Lesson 2: The Linux Terminal

Bioinformatics is often memory and computation intensive, so we’ll be outsourcing our computational work to a bigger computer called a server. This server will run on the Linux operating system. (This is no different than your laptop running on a Windows or Mac operating system.)

Why Linux? The majority of servers run on Linux, a free operating system which inherited its predecessor’s (GNU’s) mission to give users freedom. Linux is completely open source, allowing users to see and modify any part of its inner workings. Linux is also extremely stable, allowing servers to be up for years at a time without restarting.

Your First Commands

  1. Discover your identity. Type whoami into the window that just opened up and hit enter. And just like that you’re talking with your computer, you bioinformatician, you.

So… Commands?

Commands are things you can type into the terminal to perform different actions. There are an endless number of commands, each with a ridiculous amount of options, so do NOT attempt to memorize them on the first try.

How do you know what command to use to do sometihng you want? Simple: for now, we’ll explain commands as you need them. Actually learning (or memorizing) the commands will come naturally from repeated use of the terminal.

Note: Anytime you need a refresher on what a command does, type the command line with the –help option like so: ls --help. If that does not work, try man ls. One (or both) of these will pull up information on how to use the command. Can you figure out what the ls command does?

What Am I Looking At?

When you open up your laptop, you are presented with your “Desktop”. When you open up a terminal (or connect to a server via ssh!), you are presented with your “Home”.

When you want to open up the “Pictures” folder on your laptop, you find the folder labeled “Pictures”, and then open it. Uh-oh… we don’t know how to (1) find something or (2) open something!

Let’s take a step back and talk about all the files in your computer are organized. As you know, you can have different files stored in different places on your computer. You do this by creating folders (inside of other folders), and creating files inside of them. This is exactly how our server works, except we call folders “directories”.

Similar to how “Desktop” is a folder on your computer, “Home” is a directory on your account on the server.

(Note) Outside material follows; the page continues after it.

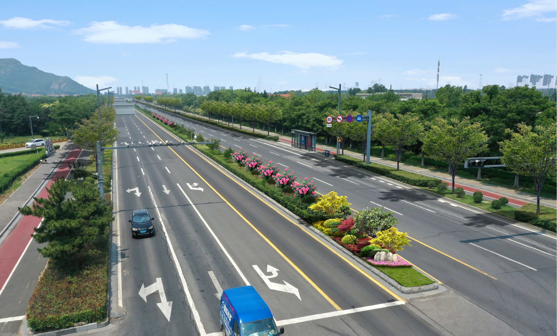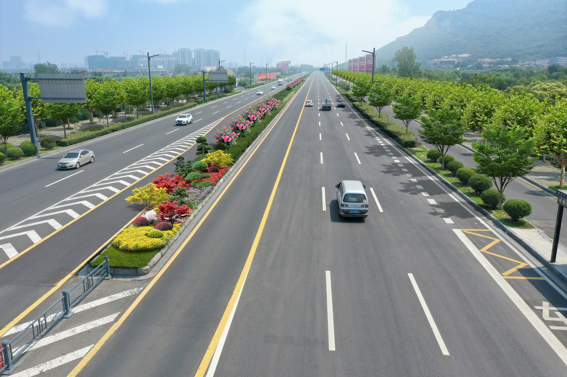 本工程预计12月完工,通过优化市区重点道路及节点绿地网络结构,突出景观艺术性塑造,提升绿地空间品质,进一步彰显城市特色风貌,打造绿树成荫、色彩绚丽、季相分明、自然生态的城市道路林荫多彩长廊。
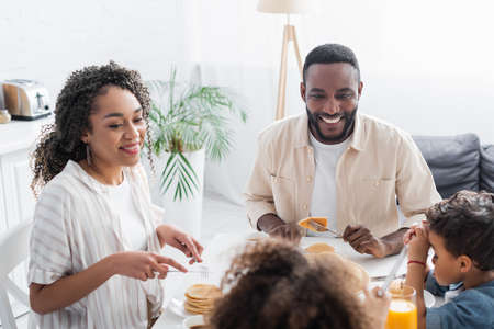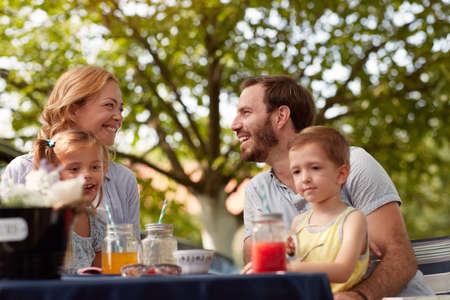 Happy family having breakfast at home. Mother, father and children having a good time together.

And similar to how your “Desktop” can have folders created in it, so can “Home”. You can look at what’s inside with the ls command, which is short for “list”. Type ls to see what’s in your “Home” directory. (We now know how to find something!)

What Can I Do?

There’s nothing in your home directory! Let’s change that by creating a directory. You can do this with the mkdir command. Let’s create a directory called “software” by doing mkdir software. Confirm that this worked by looking at your home directory again.

Now that we can find the “software” directory, let’s move into it (the equivalent of opening a folder on your laptop). Type cd software to change directory to software. Next, type ls and confirm that nothing is in this freshly created directory. Create another directory here called “docs” (yes, directories can contain other directories, much like folders can contain folders!).

Great! You can now make a directory and enter it. The last step is to exit the directory. You can do this by just telling the terminal to change directory to whatever contains the current directory (i.e. the parent directory). The alias for the parent directory is ... Confirm you’ve moved back to the home directory using ls.

On your laptop, if you want to get to a deeply nested folder, you have to keep unfolding the layers by opening multiple folders. Wouldn’t it be nice to be able to just get directly to a folder? We can do this using cd by specifying multiple layers we want to change into. For example, we just created a “docs” inside of “software”. We can get into this directory by typing cd software/docs, where the terminal will recognize “/” as a sign that what follows will be inside of “software”.

Finally, let’s go back home. You might think that cd ../.. will take you there, and you would be right! You’d look at the parent’s parent, which is the home directory. However, there’s an easier way. Much like .. is an alias to the parent directory, ~ is an alias to your home directory. Simply do cd ~ from anywhere and you’ll end up home!

. is a special alias too! Can you figure out what it refers to? Try cd . and see where you go.

[Your Turn!] Investigate Genetic Data

Let’s get to work with some real genetic data!

Start in your home directory. Create and enter a directory called “week1”. Then run the following command:

wget https://raw.githubusercontent.com/biopython/biopython/master/Doc/examples/ls_orchid.fasta

You’ve just downloaded a file full of a bunch of genetic data! You can take a peek at the first few lines by doing head ls_orchid.fasta. Your job is to analyze this file.

You have 3 tasks:

  1. Print all the contents of the downloaded dataset to terminal window (”standard output”)
  2. Print how many lines there are in the file
  3. Print how many lines there are in the file THAT CONTAIN GENETIC DATA (no headers)

The commands cheat sheet below and the hint above about deciphering commands you’re not familiar with are your friends. Good luck!

Commands Cheat Sheet

ls(list files) Print out the contents of a directory.

mkdir(make directory) Create a directory with the same name as the argument you give it.

cd(change directory) Change directory to whatever is specified.

head Print the beginning of the specified file to the terminal.

cat Print whatever follows to the terminal. If a file name is specified, print the contents to the terminal.

wc (word count) Print the number of words in the file name specified after the command.

grep Print out lines matching the specified conditions.